Lockdown has been really difficult for me. Before the emergence of covid-19, I felt like I was progressing well along the road to recovery, but there have been a few more twists and turns laid down now.
It’s easy to feel like I’m fully recovered whilst writing this post in a nice sun-dappled spot of the garden. The reality of the situation is though that I may never fully recover. Lockdown has given me a break from the fatigue, but when I get back to my day to day life, it will still be an issue. I’ll still have difficulties with concentration. I’ll still have a disability and I’ll probably still have a hard time coping with the stigma that surrounds that.

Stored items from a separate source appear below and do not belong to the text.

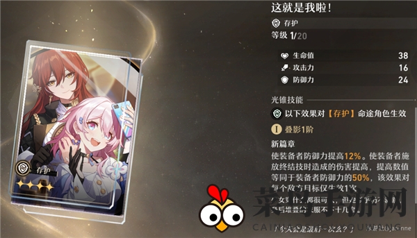 存护光锥提升防御力,并增加根据自身防御力提供护盾的角色护盾量,第二个被动能提升终结技伤害,但效果有限。
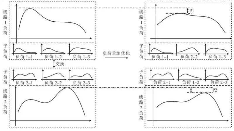 (1)基于不同類型用戶負(fù)荷特性曲線存在差異的特點,通過改變線路負(fù)荷分布,利用各負(fù)荷進(jìn)行錯峰互補(bǔ)。
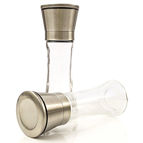 Salt And Pepper Grinder Set – A Dual Set Of Combo Grinders For Salt & Pepper Made Of Thick Glass Combined With Stainless Steel Top – Salt & Pepper Mill Pair , Salt And Pepper Shakers
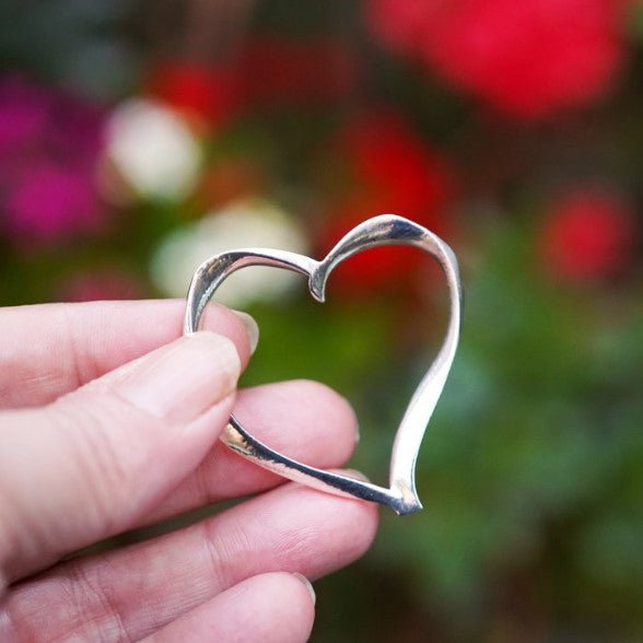 The Big Open Heart is a playful and elegant way of showing the world your love. Wear the pendant on your favorite chain or order one of our super long and skinny scarves. The satin soft ribbon can be worn in a loop like a scarf, tied with a big bow at the nape of your neck, or used as a sash around your waist. There is no limit to the ways you can wear your heart. Have fun! Designed and Handcrafted in New Orleans, Louisiana.
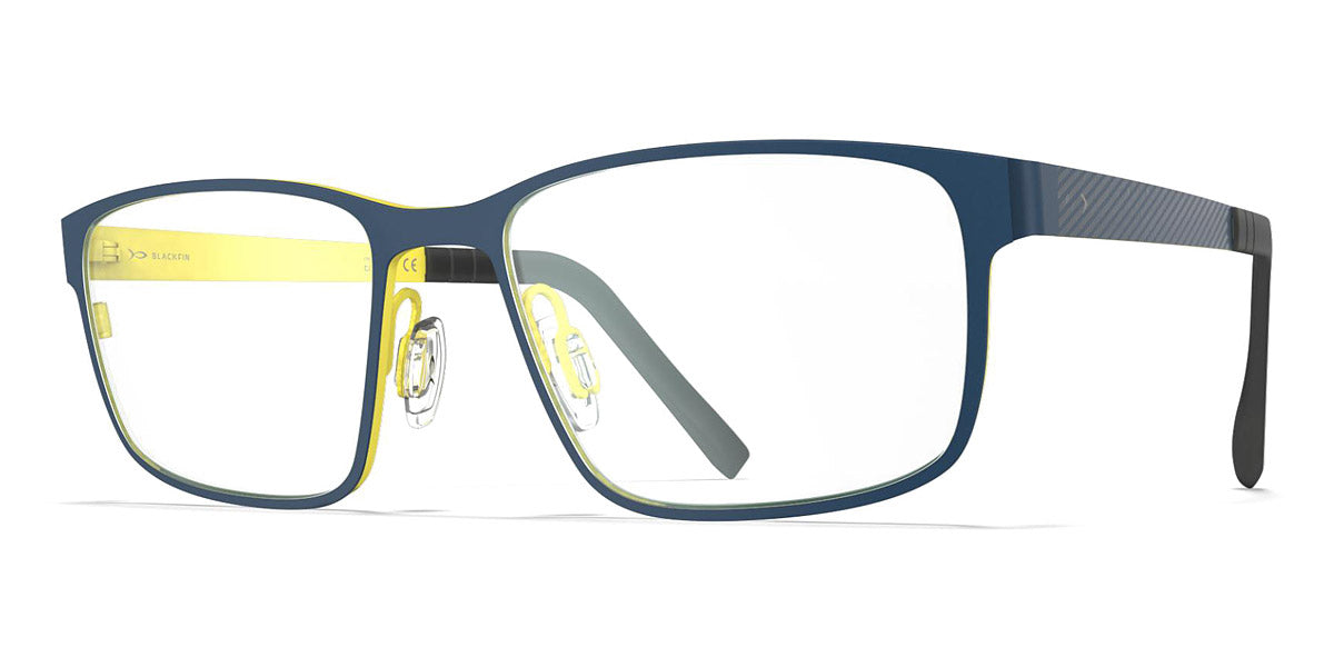 OSTBERG Eyeglasses by Blackfin. Color: Black/Green, Black/Red, Blue/Dove Brown, Blue/Yellow, Dark Blue/Bright Blue, Size: 51-17-145. Simple yet striking, the Blackfin OSTBERG wayfarers offer a clean, classic look with contemporary nuances. The design focuses on sleek lines and refined clarity, making it a versatile choice for any occasion. With a titanium-based construction that emphasizes comfort and durability, these glasses are a sure choice for those wishing to embrace low-key, high-end elegance. They also offer adjustable temples, allowing you to regulate how tightly or loosely they fit your individual face shape. Experience what innovation looks and feels like with the OSTBERG.
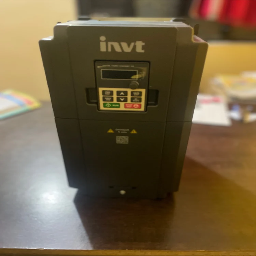 7.5 HP Invt three-phase AC drive for industrial machinery. Features 380V input, V/F control, and is designed for servo motor applications.
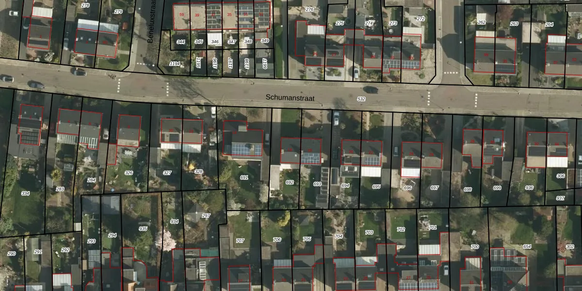 Gebruik de zoekbalk of klik op een perceel voor informatie over de adressen binnen dit perceel.
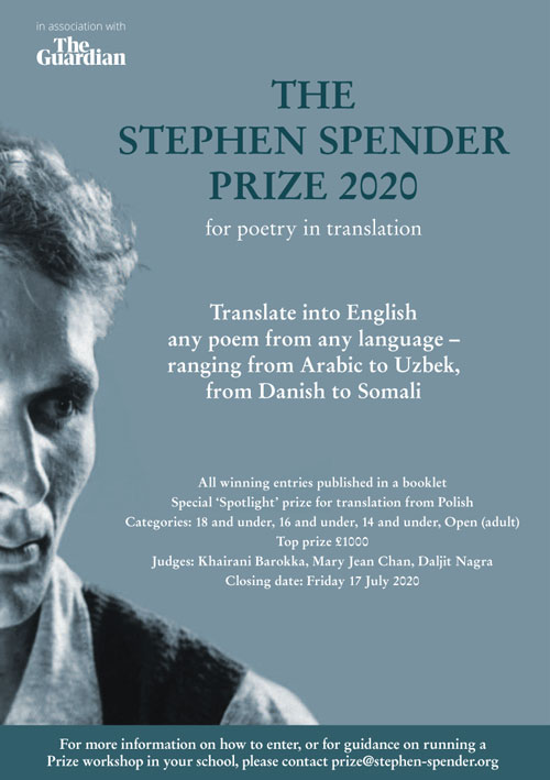 The closing date for the Stephen Spender Prize for Poetry in Translation is 17 July 2020.
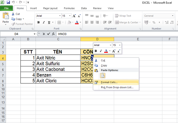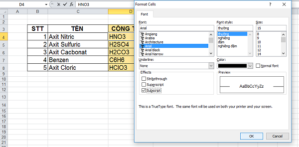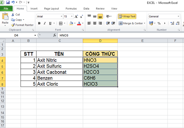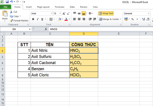 Chẳng hạn, bạn muốn nhập công thức Hóa học chuẩn cho bảng số liệu sau:
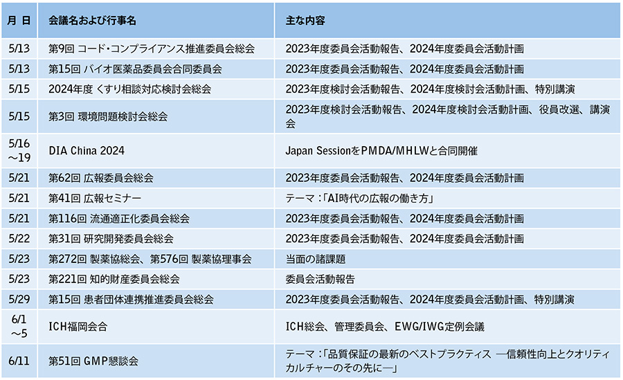 主な活動予定(2024年5月1日~6月30日)
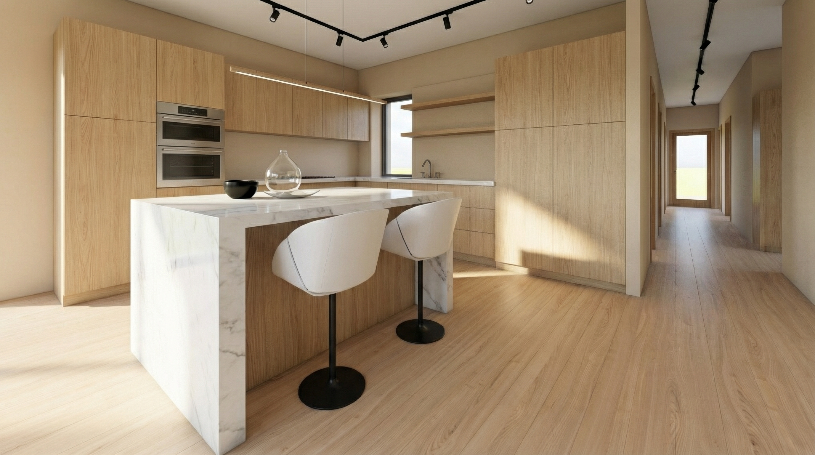 absolute constraint no geometry changes do not modify move scale rotate add or remove any geometry preserve exact container positions offsets platforms fences and ground planes all transformation must occur through materials textures lighting and surface articulation only overall intent mood render the project as a contemporary coastal installation where natural materials are used in a precise sculptural and architectural way the atmosphere is calm minimal and curated raw materials refined execution lighting suggests golden hour with soft contrast and long shadows material assignment by function 1 entrance container foreground sculptural ticket tunnel geometry remains exactly as modeled the entrance container is wrapped in sculptural thatching treated as a designed skin tightly bundled reed straw elements linear or subtly patterned arrangement controlled thickness and sharp edges clean terminations no loose or rustic detailing thatching reads as a textural cladding system not a traditional roof the surface feels crafted deliberate and contemporary interior expression visible through openings interior surfaces clad in warm golden metal panels satin brushed finish with subtle glow the golden core feels like a refined object hidden inside a natural shell wooden platform precise timber decking clean joints matte finish slight weathering but controlled and architectural 2 restaurant containers right side geometry unchanged calm hospitality driven material palette smooth limewash or plaster in warm sand tones selective use of wood or woven panels minimal modern beach adjacent not rustic fence between restaurants vertical or horizontal reed timber elements clean rhythm graphic composition semi transparent architectural 3 washroom containers left background geometry preserved robust quiet materiality mineral plaster or stone like textures muted slightly darker tones subordinate and discreet 4 beach area far background natural sand textures lightweight seating and umbrellas simple neutral palette rendered softly to remain background lighting atmosphere warm low angle sunlight sculptural shadows emphasizing texture subtle interior glow from entrance container no decorative fixtures or visible hardware rendering style high end architectural visualization minimal composition warm cinematic color grading emphasis on texture shadow and material contrast optional negative prompt highly recommended avoid rustic folkloric or vernacular styling no messy straw no uneven thatch roofs no beach huts no tropical resort clich s no industrial container aesthetics
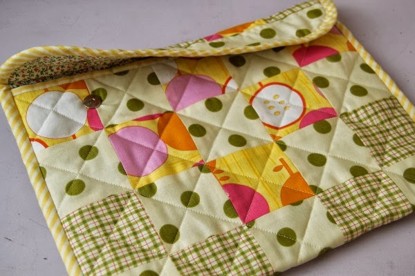 Вот например, папка для документов. Изначально сшивала просто квадраты, а в ходе работы получился такой удобный и мягенький клатчик, куда я сложила все наши с детьми полиса и прочие нужные бумажки.
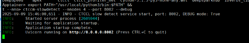 export PATH="/usr/local/python3/bin:$PATH"(替換為自己的安裝路徑) &&ctccm --nnodes 4 --port 8002 --debug
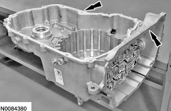 1. Clean and inspect the transaxle case for damage. Clean the silicone from the transaxle case-to-torque converter housing sealing surface and the main control cover sealing surface.
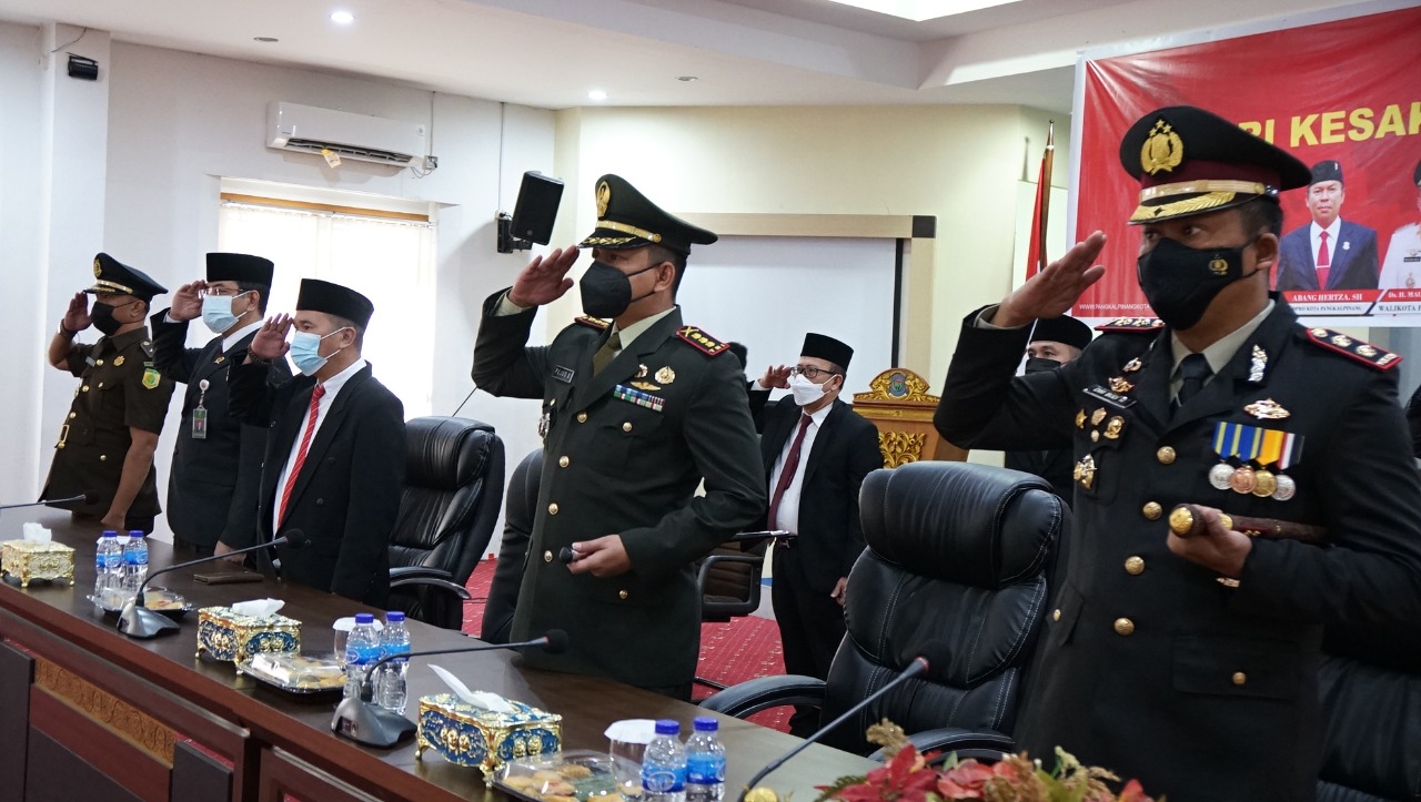 Kapolres Pangkalpinang AKBP Dwi Budi Murtiono, S.IK M.H bersama Forkopimda tampak khidmat mengikuti seluruh rangkaian upacara Hari Kesaktian pancasila yang dipimpin langsung Presiden Joko Widodo (Jokowi) secara virtual.
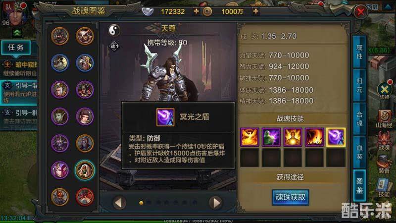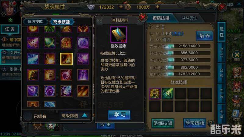 强效魂灵、强效魂甲、强效魂元:这3本技能书都是以牺牲一部分攻击属性为代价来增加防御能力,强效魂灵是降低15%的命中率和闪避率,增加25%生命值上限,强效魂甲和强效魂元都是降低10%的物攻和法攻,增加30%的物防和法防。由于天尊的力量和智力天赋并不高,所以降低的物攻和法攻并不多,而得到的生命值、物防和法防收益很大,这些属性对战魂血契的转化也非常重要,能够转化给主人更多的双防和生命值属性。

My point is, that my road to recovery so far has been more than a little tumultuous. Having a break from my difficulties now doesn’t mean they’ve disappeared. It does mean, however, that I can focus on something else for a while. I’ve focussed on my running during my first full week of being allowed to leave the house.
Being able to leave the house has been brilliant for both my mental and physical health. My parents give me a lot of support and I’m grateful for that, but it’s nice to get away from them for a while and have some time to myself. It’s also a huge boost to morale to see just how far I’ve come since my discharge from hospital.
A little over a year ago, I was living with my parents in the very early stages of recovery. At that time, my daily exercise involved a lap of our street and the neighbouring street. It was probably less than five hundred metres in length, but it was exhausting. Couple that with the fact that I couldn’t string a sentence together without getting tired and I was envisaging an almost impossible road to recovery. Sixteen months later, I am now stepping outside for my daily exercise that averages anywhere between five and ten kilometres. If that’s not progress, then I don’t know what is!
Running in the village I grew up in also brings a sense of nostalgia. The hills surrounding my hometown are a runners nightmare and running them now reminds me of school cross country runs as a teenager. Gone are the days where I’d try (and fail) to come up with a believable excuse to not do the run every October. Instead, I see each hill as a sign of just how far I’ve come. There were many times during my illness that I came within seconds of never been able to run again. I should definitely take advantage of being able to do so now.
My Road to Recovery has not been an easy one and with more surgery to come, the rest of my journey certainly isn’t going to be plain sailing. I’ve realised this week though that what’s to come doesn’t matter. I should be celebrating how far I’ve come rather than worrying about future surgeries and how I’ll recover from them. I should be proud of what I’ve achieved rather than being disheartened by my failures. I’ve weathered (most of) the storm, made huge progress along the road to recovery from brain injury and I’m happier and healthier than I’ve been in years.
While I’m well on the way to recovery, other brain injury survivors aren’t so lucky. I’d really appreciate it if you could help my cause by donating to Headway Oxfordshire; a charity that have supported me in my recovery and continue to support those less fortunate than I .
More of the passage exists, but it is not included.